Records supplied

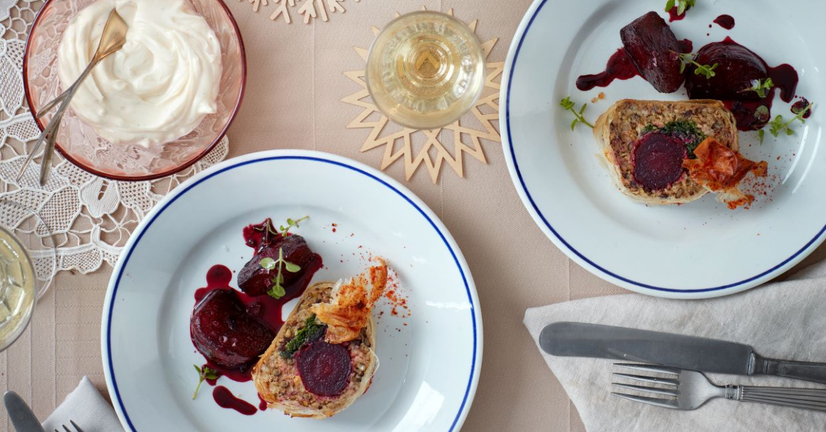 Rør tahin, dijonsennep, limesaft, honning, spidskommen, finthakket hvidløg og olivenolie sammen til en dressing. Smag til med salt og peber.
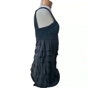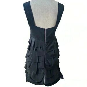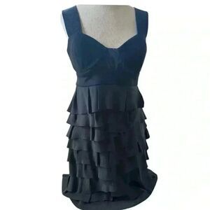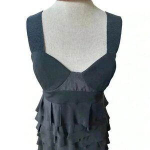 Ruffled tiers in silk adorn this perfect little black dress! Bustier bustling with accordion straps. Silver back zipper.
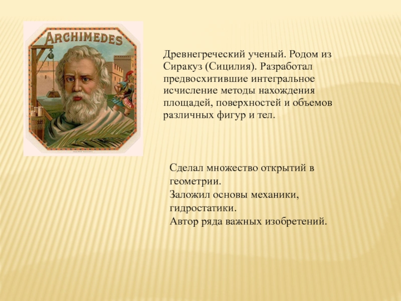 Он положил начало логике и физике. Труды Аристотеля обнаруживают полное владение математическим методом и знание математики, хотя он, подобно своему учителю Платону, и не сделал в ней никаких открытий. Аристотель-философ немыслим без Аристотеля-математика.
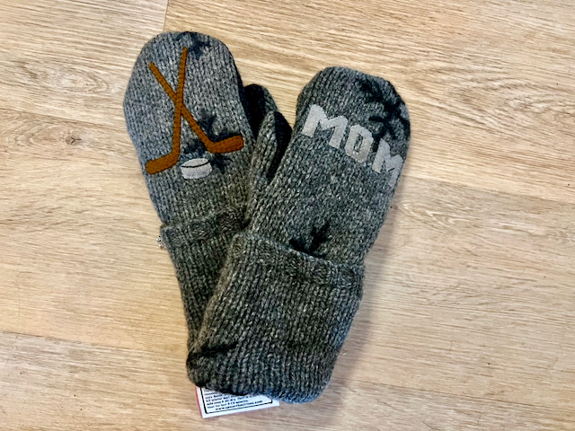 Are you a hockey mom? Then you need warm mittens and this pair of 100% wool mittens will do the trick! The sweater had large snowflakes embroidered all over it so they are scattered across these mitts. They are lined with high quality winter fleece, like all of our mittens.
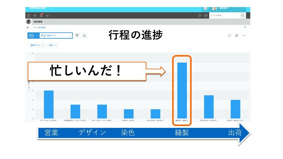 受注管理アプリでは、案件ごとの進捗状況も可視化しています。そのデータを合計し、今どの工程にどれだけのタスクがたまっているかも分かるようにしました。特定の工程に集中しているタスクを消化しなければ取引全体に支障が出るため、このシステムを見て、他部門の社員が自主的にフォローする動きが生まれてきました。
==
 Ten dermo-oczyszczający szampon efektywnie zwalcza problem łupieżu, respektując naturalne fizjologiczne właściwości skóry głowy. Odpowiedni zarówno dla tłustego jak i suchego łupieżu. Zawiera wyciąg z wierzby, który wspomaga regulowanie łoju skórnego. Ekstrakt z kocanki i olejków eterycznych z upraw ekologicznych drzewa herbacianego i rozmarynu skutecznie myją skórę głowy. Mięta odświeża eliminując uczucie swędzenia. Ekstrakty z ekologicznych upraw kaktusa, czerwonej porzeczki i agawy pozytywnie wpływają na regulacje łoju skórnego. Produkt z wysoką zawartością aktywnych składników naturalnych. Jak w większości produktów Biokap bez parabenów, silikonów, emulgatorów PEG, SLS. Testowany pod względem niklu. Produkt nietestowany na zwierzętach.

Work instruction
Please output the lines above beginning at the line with "salt og peber." and ending after the line with "Он положил начало", precisely as written and with no pictures.

Answer box
 Rør tahin, dijonsennep, limesaft, honning, spidskommen, finthakket hvidløg og olivenolie sammen til en dressing. Smag til med salt og peber.
 Ruffled tiers in silk adorn this perfect little black dress! Bustier bustling with accordion straps. Silver back zipper.
 Он положил начало логике и физике. Труды Аристотеля обнаруживают полное владение математическим методом и знание математики, хотя он, подобно своему учителю Платону, и не сделал в ней никаких открытий. Аристотель-философ немыслим без Аристотеля-математика.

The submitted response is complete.